The Activist History Review invites proposals for our May 2018 issue, “Corruption.”
At the end of Donald Trump’s first year in office, the Washington Post asked readers whether his administration was “becoming the most corrupt in U.S. History.” The short answer is that it is difficult to know. Trump famously refused to release his tax returns or divest from his businesses, opting instead to place his assets in a “trust” that he can easily control. He broke with decades of precedent on both fronts. According to two attorneys general suing the administration, the president is in clear violation of the “emoluments clause” of the Constitution for using his hotels to profit from public business with officials from Bahrain to Maine. Nor does the administration’s abuse of position stop with Trump.
According to Vox’s Matthew Iglesias, the problem is so significant that “Trump’s corruption deserves to be a central issue in the 2018 midterms.”
Of course, corruption in American politics is nothing new. From the machinations of Boss Tweed to Edwin Edwards’ flagrant “vote for the crook” campaign, it has long been a central facet of politics. As Etowah County Sheriff Todd Entrekin’s more recent (and potentially legal) scheme to use money for prison food to buy a beach house for himself suggests, local power often produces unique forms of corruption that overlap with existing systems of oppression.

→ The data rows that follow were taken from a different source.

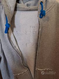 La felpa è in ottime condizioni, con solo segni di perdita di colore nella zona del collo e delle maniche
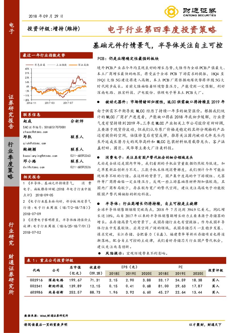 财通证券:电子行业第四季度投资策略:基础元件行情景气,半导体关注自主可控.pdf
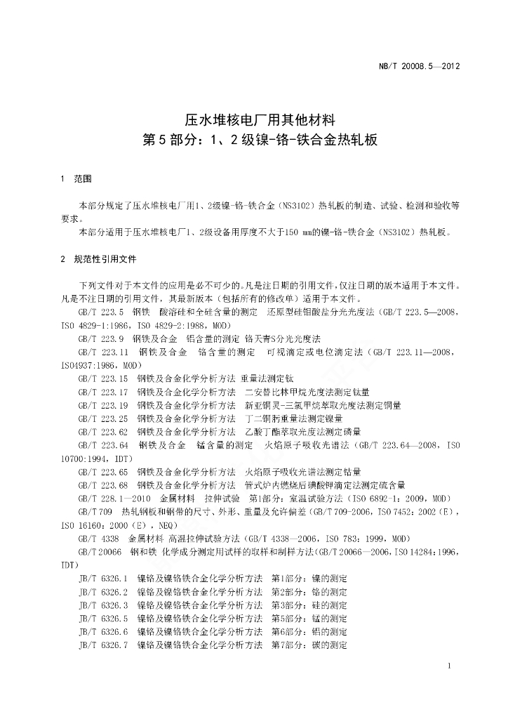 NB/T 20008.5-2012 压水堆核电厂用其他材料 第5部分:1、2级镍-铬-铁合金热轧板
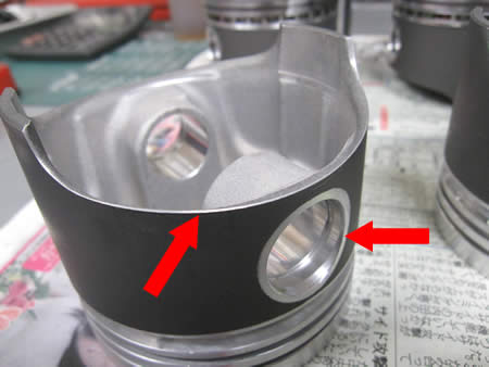 ピストンのアチコチにバリがあります(赤矢印)
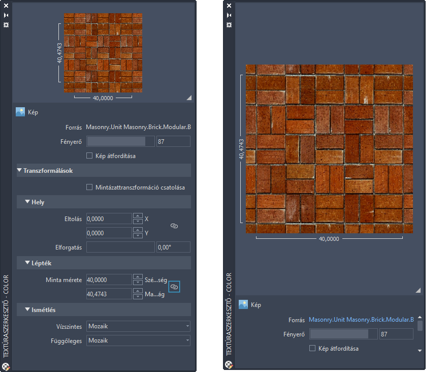 A hely, lépték és ismétlés tulajdonságok aktuális mintázaton végzett módosításainak alkalmazásához ugyanazon anyag más mintázataira válassza a Textúratranszformációk csatolása lehetőséget.
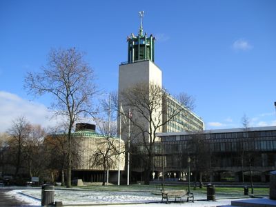 The construction of this administrative center began in 1960 after replacing a Victorian Town Hall, with completion in 1967 and royal opening in 1968.
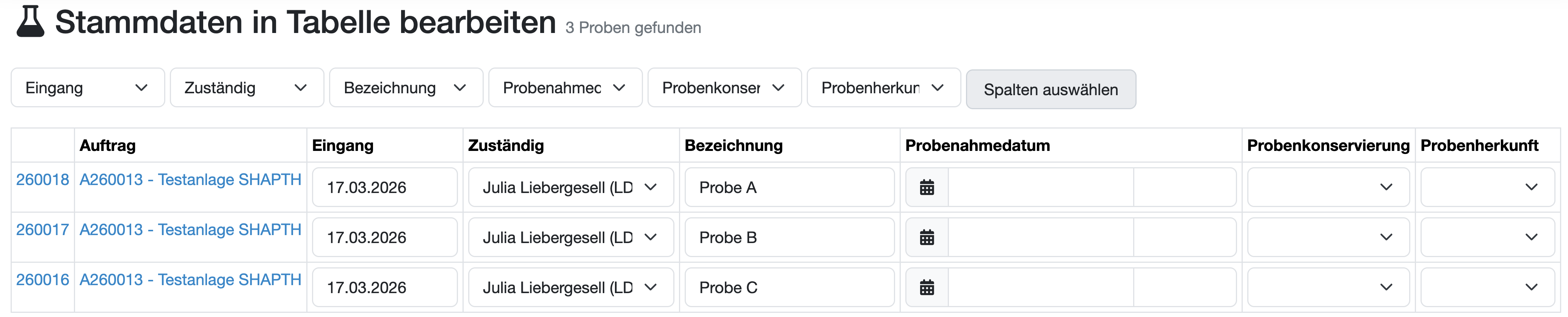 Bearbeiten Sie die Probenstammdaten mehrerer Proben in einer Tabellenansicht.
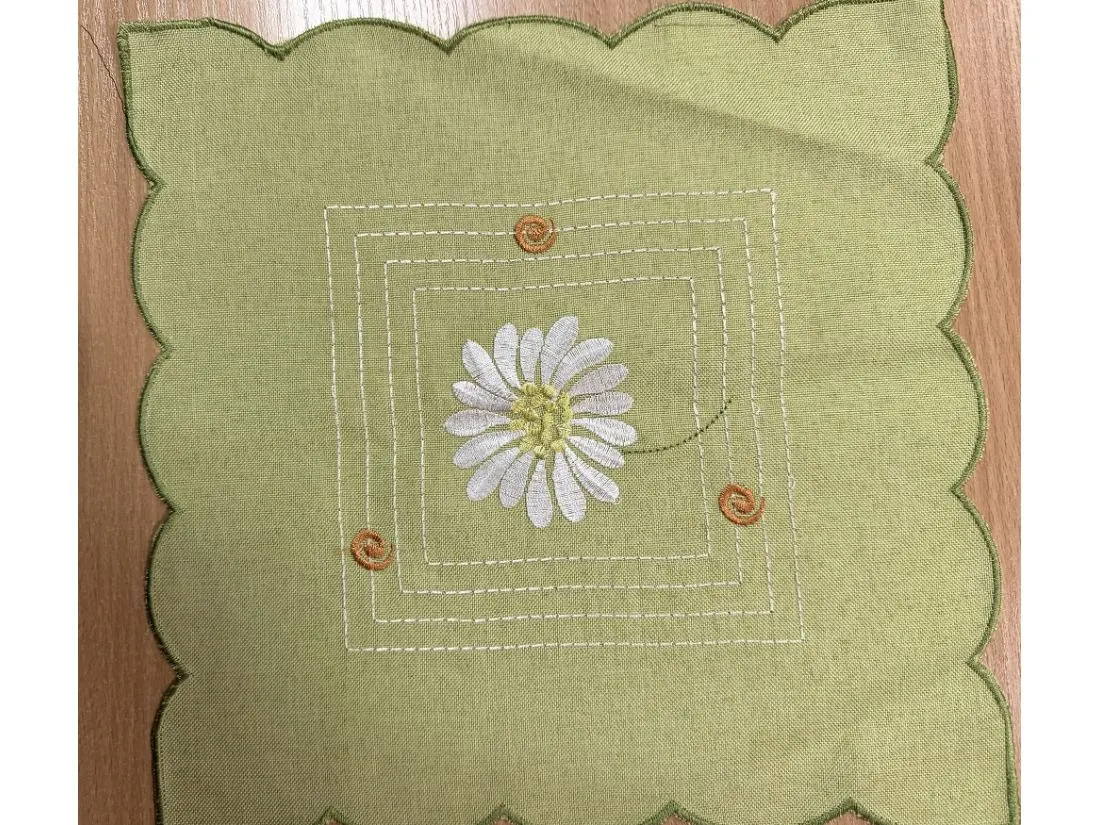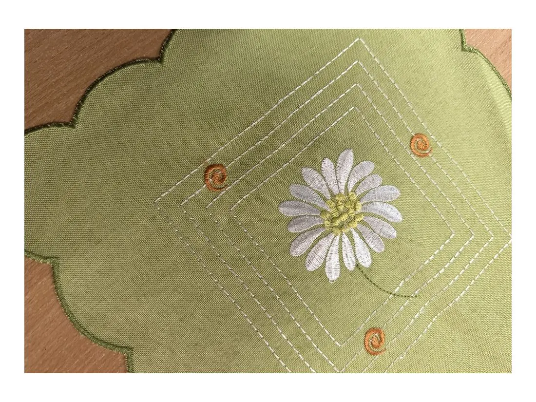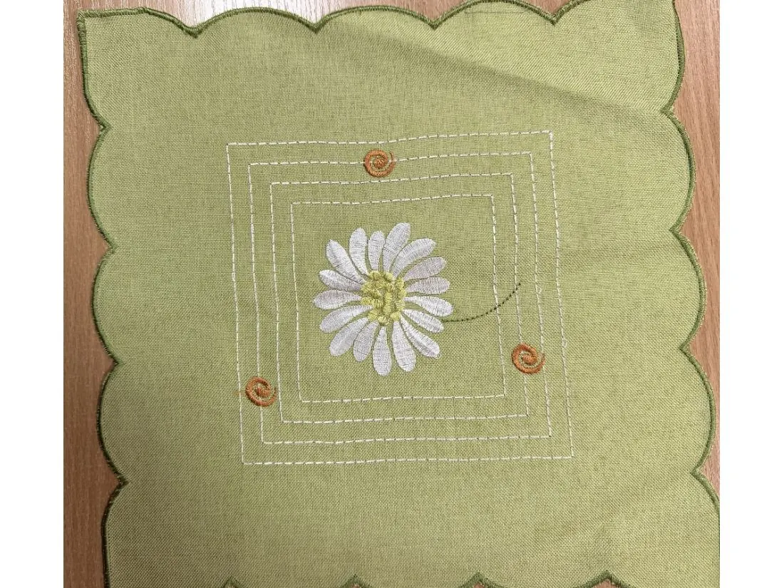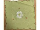 - Design: Intensywne, zielone tło stanowi bazę dla precyzyjnego haftu białych margaretek z charakterystycznym żółtym środkiem. Kwiatowy motyw nadaje serwetce radosnego, wiosennego charakteru.

The Activist History Review invites proposals that examine the causes and consequences of corruption. Special consideration will be given to essays that consider corruption as a precondition for or byproduct of power.
Potential topics include, but are not limited to:
- Racism as a justification for and organizing logic of corruption.
- Corruption as a byproduct of politics.
- The impact of ideology on systems of corruption.
- The corrupting power of gender.
- Religion, belief, and illicit wealth.
- Corruption and “development.”
- The role(s) of local power in systems of corruption.
Proposals should be no more than 250 words for articles from 1250-2000 words, and should be emailed to William Horne by Monday, April 23rd at 11:59 PM. Please also include a short bio of no more than 100 words.